Square Superpixel Generation and Representation Learning via Granular Ball Computing

arXiv cs.CV / 4/1/2026

💬 OpinionSignals & Early TrendsIdeas & Deep AnalysisModels & Research

Key Points

  • The paper proposes a new superpixel generation method that approximates superpixels with multi-scale square blocks to avoid the irregular-region problem of existing approaches.
  • It introduces a purity-score selection strategy based on pixel-intensity similarity to retain high-quality square blocks and improve representation quality.
  • By using regular, square-shaped regions, the method is designed to support efficient parallel processing and better integration with deep learning instead of relying on offline preprocessing.
  • The resulting square superpixels can be used either as graph nodes for GNNs or as tokens for Vision Transformers to enable structured, multi-scale feature aggregation.
  • Experiments on downstream vision tasks report consistent performance improvements, suggesting the approach enhances end-to-end trainable visual representation learning.

Abstract

Superpixels provide a compact region-based representation that preserves object boundaries and local structures, and have therefore been widely used in a variety of vision tasks to reduce computational cost. However, most existing superpixel algorithms produce irregularly shaped regions, which are not well aligned with regular operators such as convolutions. Consequently, superpixels are often treated as an offline preprocessing step, limiting parallel implementation and hindering end-to-end optimization within deep learning pipelines.
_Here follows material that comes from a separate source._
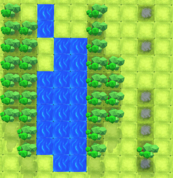以下の1枚目の画像が、GIPのゲームフィールドの鳥観図であり、2枚目が「森の中の川」と入力して生成されたサブグリッドの地形です。

Motivated by the adaptive representation and coverage property of granular-ball computing, we develop a square superpixel generation approach. Specifically, we approximate superpixels using multi-scale square blocks to avoid the computational and implementation difficulties induced by irregular shapes, enabling efficient parallel processing and learnable feature extraction. For each block, a purity score is computed based on pixel-intensity similarity, and high-quality blocks are selected accordingly. The resulting square superpixels can be readily integrated as graph nodes in graph neural networks (GNNs) or as tokens in Vision Transformers (ViTs), facilitating multi-scale information aggregation and structured visual representation. Experimental results on downstream tasks demonstrate consistent performance improvements, validating the effectiveness of the proposed method.